[Stored data]
━━━
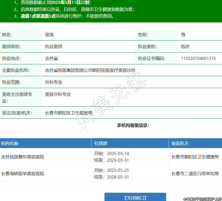 機(jī)構(gòu)名稱 有效期 備案機(jī)關(guān) 吉林銘醫(yī)整形美容醫(yī)院 開始:2025-03-14結(jié)束:2029-03-31長(zhǎng)春市朝陽區(qū)衛(wèi)生健康局 長(zhǎng)春海峽醫(yī)學(xué)美容醫(yī)院 開始:2025-03-25結(jié)束:2028-03-31長(zhǎng)春市二道區(qū)行政審批局 -
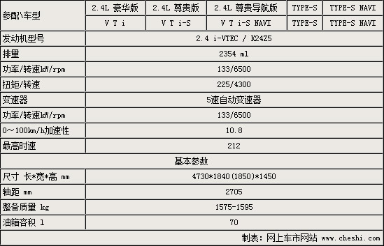 从目前我们得到的官方配置表中可以肯定,东风本田首批推出的将全部为2.4升直列引擎车款,全系搭配5挡手动自动一体变速器,并且全系车型都配备了方向盘后的换挡拨片,即便您购买2.4升入门车款也能够得到F1车手一般的换挡乐趣。
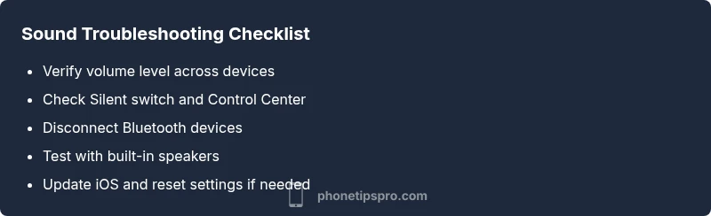 Most often, low iPhone sound results from a muted or low volume setting, a connected Bluetooth device, or a software glitch. Quickly fix by raising volume with the side buttons, using Control Center, ensuring Silent mode is off, and disconnecting Bluetooth. If the issue persists, follow the diagnostic flow below in the BODY section for deeper checks.
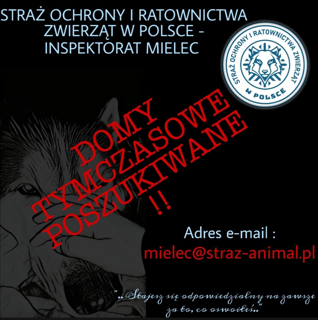 Straż Ochrony i Ratownictwa Zwierząt bardzo pilnie poszukujemy domów tymczasowych, z którymi nawiąże współpracę.
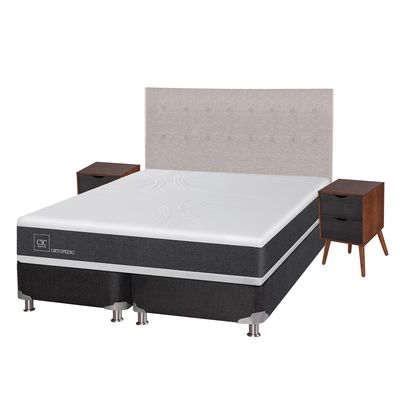 Box Spring CIC Base Dividida King New Ortopedic + Respaldo + 2 Veladores Baker
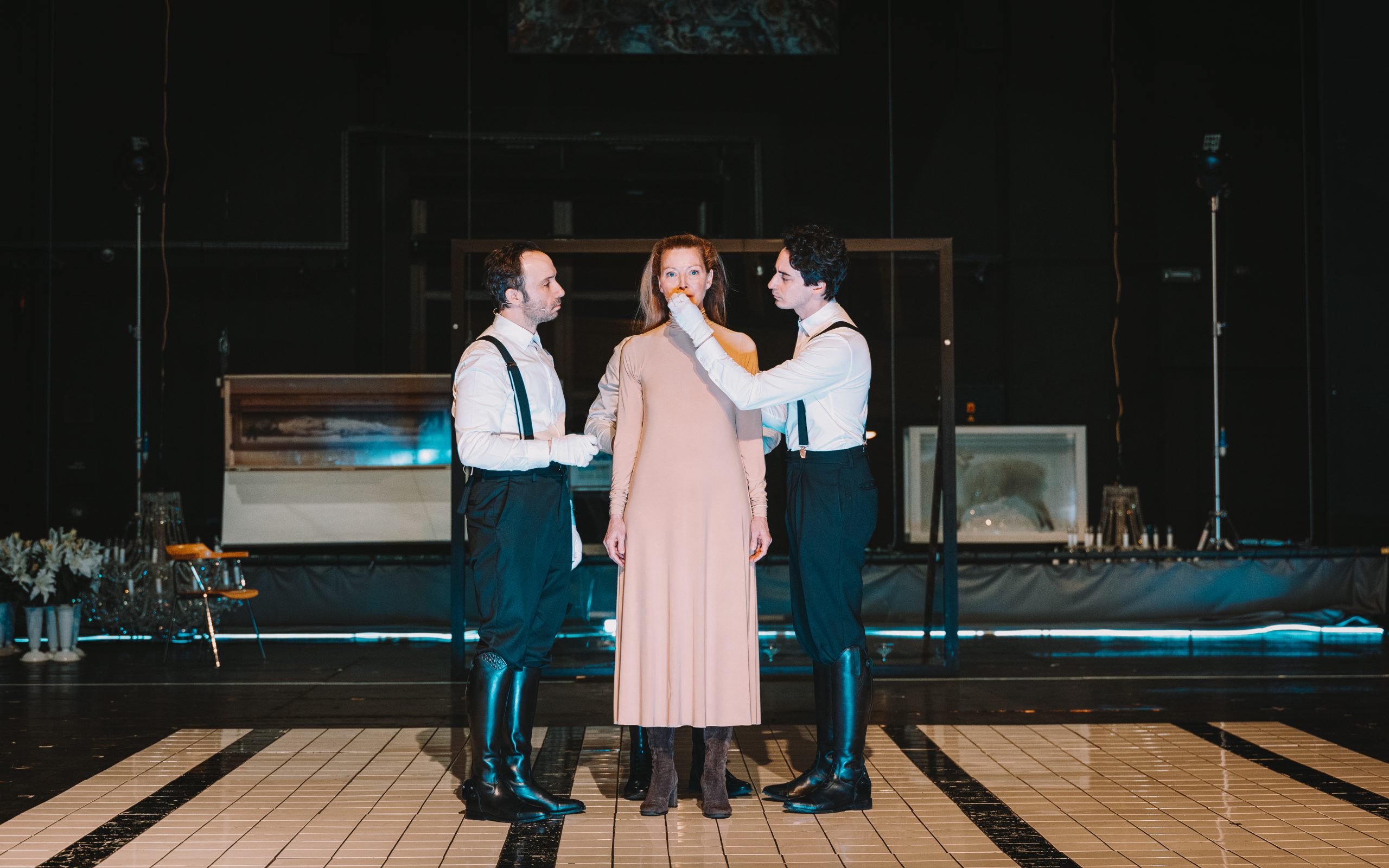 The dramaturgical analysis by Maja Borin opens onto the broader historical and symbolic horizon of the tragedy. The world of Mary Stuart is that of a Renaissance rupture in which – if we may paraphrase Gramsci’s well-known formulation of interregnum – the medieval order is in the process of disintegration, while the new world has yet to assume a stable form; it is precisely within this unstable in-between that monsters are born. As in Hans Holbein the Younger’s The Ambassadors, scientific, political, and cultural achievements are accompanied by the emergence of vanitas in the foreground: a persistent reminder of transience, the hollowness of power, and human vanity. Death is not relegated to the margins but occupies the very centre of this world, casting its constant shadow over every political act and every sovereign privilege. In this sense, Mary Stuart is not merely a drama about two queens, but a drama of a system that, in order to sustain its own order, repeatedly requires a sacrifice.
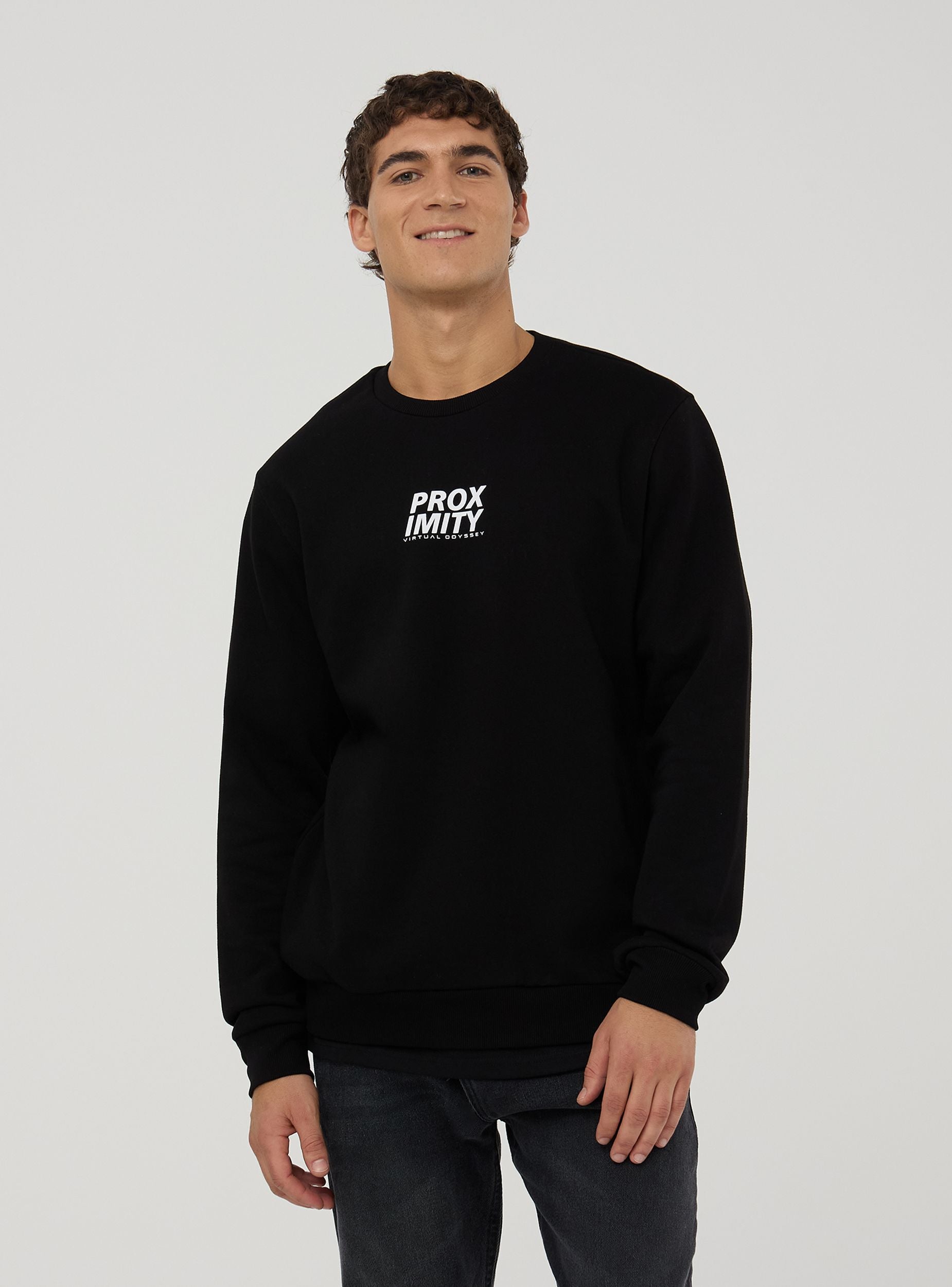 Pánská mikina bez kapuce, uzavřený model. Vyrobena z látky s malým potiskem na přední straně a větším na zadní straně. Ideální pro doplnění casual outfitu.
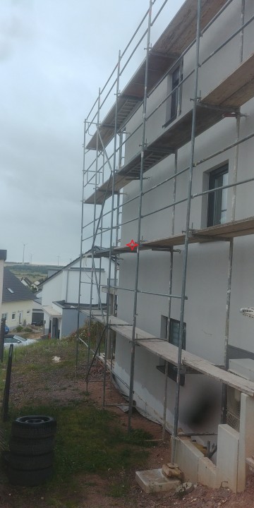 Die Antenne hängt ja nicht direkt vorne an der Ecke vom Haus, die ist ja versetzt nach hintern (und das Bild vom Dishponter wurde sicher nicht mit einem Abstand von 45cm wie es die Wandhalterung wäre gemacht, das ist ja weiter weg gemacht von der Hauswand als das Gerüst breit ist und somit nicht relevant für diese Abmessung der Sache).
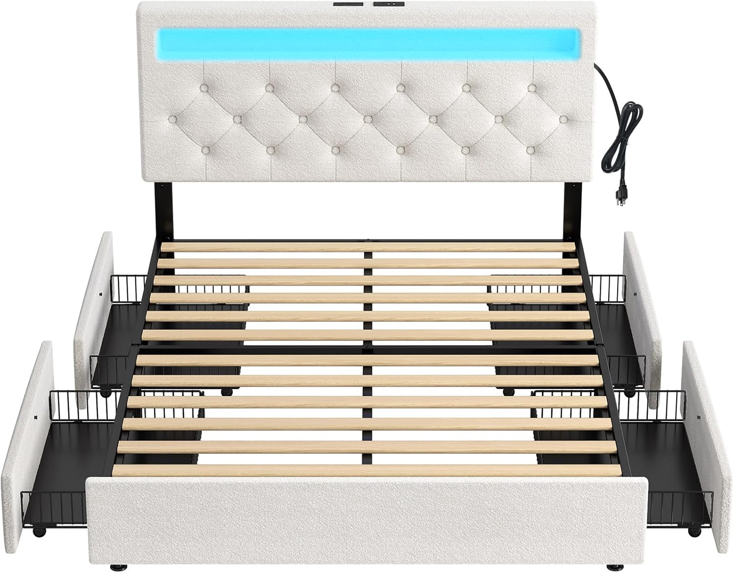 - 3 Charging Ports for More Devices: The full bed frame with storage comes with 2 USB + 1 Type-C ports, so you can conveniently charge multiple devices at once—perfect for keeping your phone, tablet, and LED lights powered while you relax in bed. The built-in charging station complements the 4 spacious storage drawers, keeping your bedroom organized and your devices fully charged
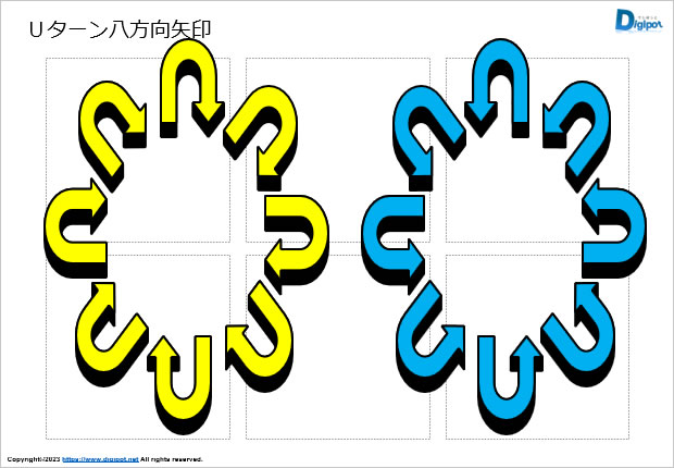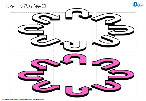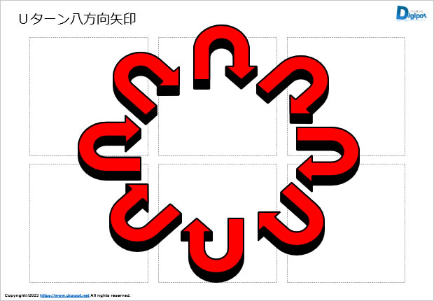 フリー、無料で使えるUターン八方向矢印画像です。パワーポイントPPTX形式、エクセルXLSX形式、ワードDOCX形式ファイルを用意しています。
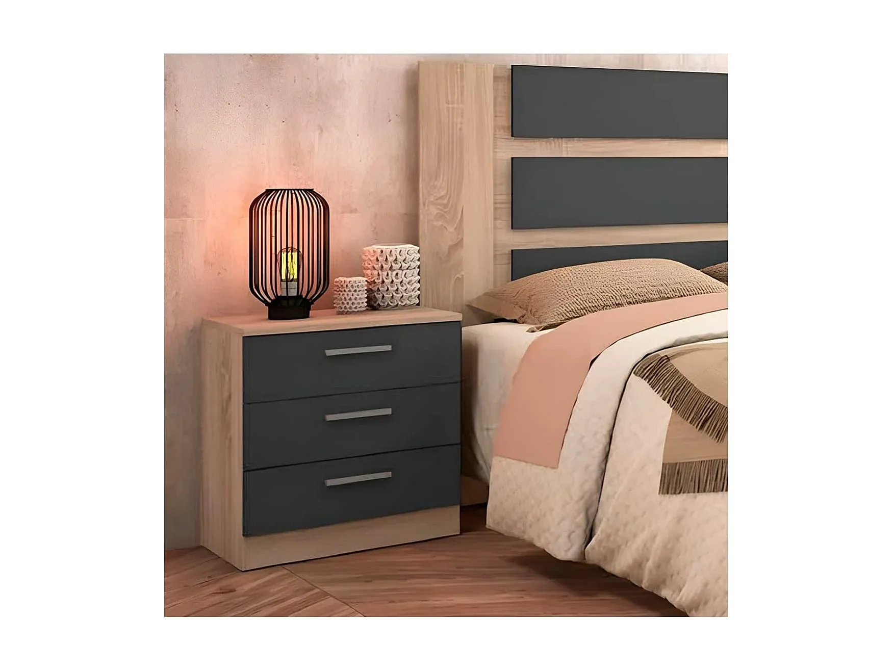 BricoExpo - Mesita de Noche, Mesilla de Dormitorio, Color Cambrian y Grafito, Medidas: 50 cm (La) x 34,6 cm (Fo) x 55 cm (Al)
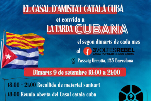 Des d’aquest dimarts 9 de setembre de 2025, tornen les tardes cubanes al Casal Popular 3 Voltes Rebel, gràcies al Casal Català Cubà de Barcelona, de 18.00 a 21.00 h! Vine a la reunió oberta, col·labora amb la recollida de material sanitari… o juga al Trivial Cubà!
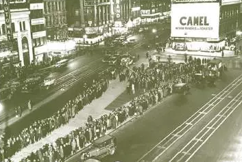 美国大萧条时期,纽约时代广场等着买面包的长队伍
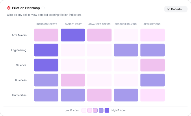 - Cohort heatmaps reveal where entire groups struggle with specific content
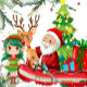Santa Claus, le petit elfe et le renne, et le café Arrière - plan de Noël
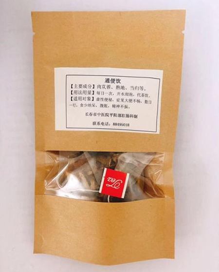 ◆代茶饮疗法:以药代茶,却似茶非茶,也称“非茶之茶”。选用数味中草药,将药物轧成粗末制成块状煎汤或以沸水冲泡数分钟,此谓代茶饮,与午时茶有异曲同工之妙。患者服用后一周内排便通畅,两周后能够明显改善患者排便习惯及便质情况。其主要成分有:肉苁蓉、熟地、当归等。适用于虚症便秘者大便不畅,数日一行;食少纳呆、腹胀,数日一行。根据医师处方调制而成,具有定量包装、一人一方、量体用药、使用方便、安全卫生等特点。
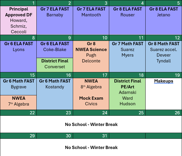Students will be FAST testing on the dates of their assigned ELA and Mathematics Teachers. Students will also be taking the NWEA Science and Algebra, and Mock Civics tests. Please Click here to review the Calendar for December
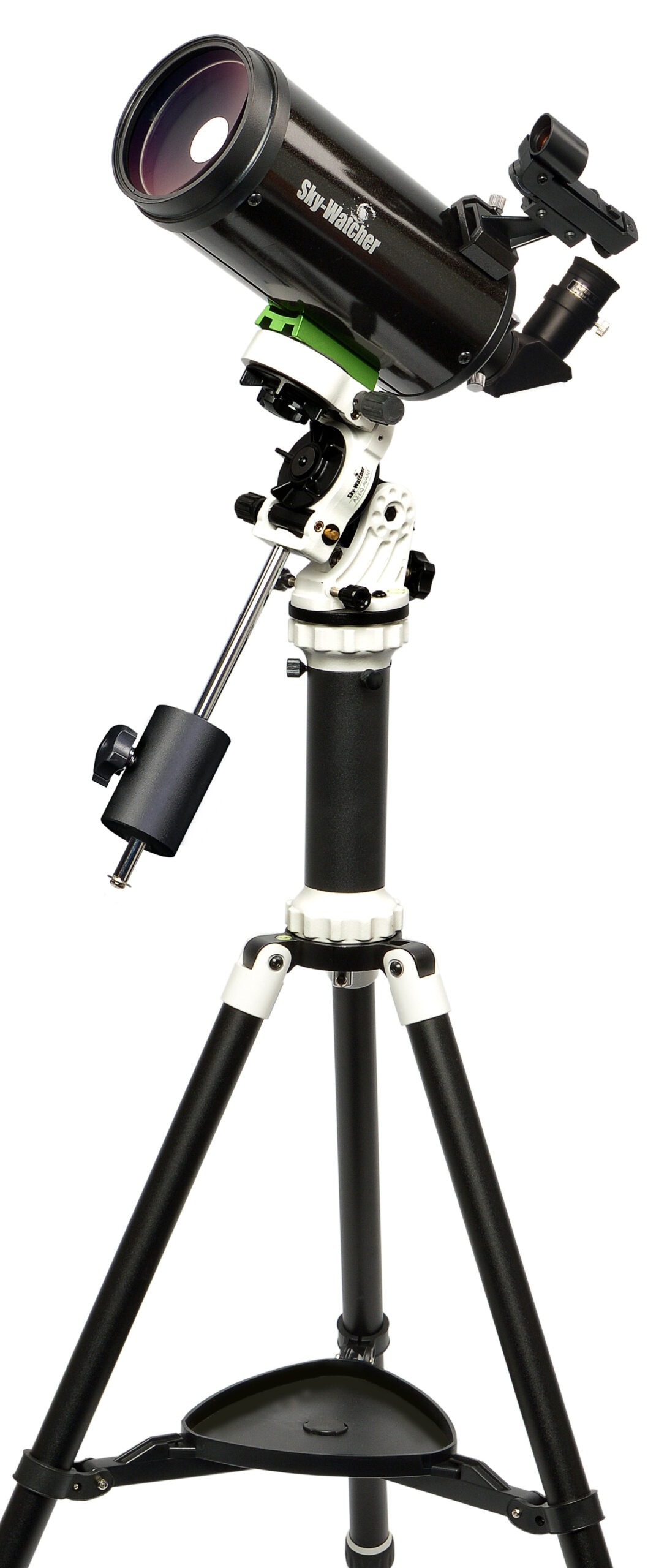 Mecanism SkyWatcher Skymax-102 Maksutov-Cassegrain Avant 102/1300, accesorii: indicator stelar, oglindă zenitală de 90 de grade, trepied StarAdventurer, oculare Barium25 (52x) și Barium10 (130x).
━━━
_About this task:_ Give back exactly the lines from the one containing "美国大萧条时期,纽约时代广场等着买面包的长队伍" through the last line above, both included, and none of the pictures.

_Output of the task:_
 美国大萧条时期,纽约时代广场等着买面包的长队伍
 - Cohort heatmaps reveal where entire groups struggle with specific content
Santa Claus, le petit elfe et le renne, et le café Arrière - plan de Noël
 ◆代茶饮疗法:以药代茶,却似茶非茶,也称“非茶之茶”。选用数味中草药,将药物轧成粗末制成块状煎汤或以沸水冲泡数分钟,此谓代茶饮,与午时茶有异曲同工之妙。患者服用后一周内排便通畅,两周后能够明显改善患者排便习惯及便质情况。其主要成分有:肉苁蓉、熟地、当归等。适用于虚症便秘者大便不畅,数日一行;食少纳呆、腹胀,数日一行。根据医师处方调制而成,具有定量包装、一人一方、量体用药、使用方便、安全卫生等特点。
Students will be FAST testing on the dates of their assigned ELA and Mathematics Teachers. Students will also be taking the NWEA Science and Algebra, and Mock Civics tests. Please Click here to review the Calendar for December
 Mecanism SkyWatcher Skymax-102 Maksutov-Cassegrain Avant 102/1300, accesorii: indicator stelar, oglindă zenitală de 90 de grade, trepied StarAdventurer, oculare Barium25 (52x) și Barium10 (130x).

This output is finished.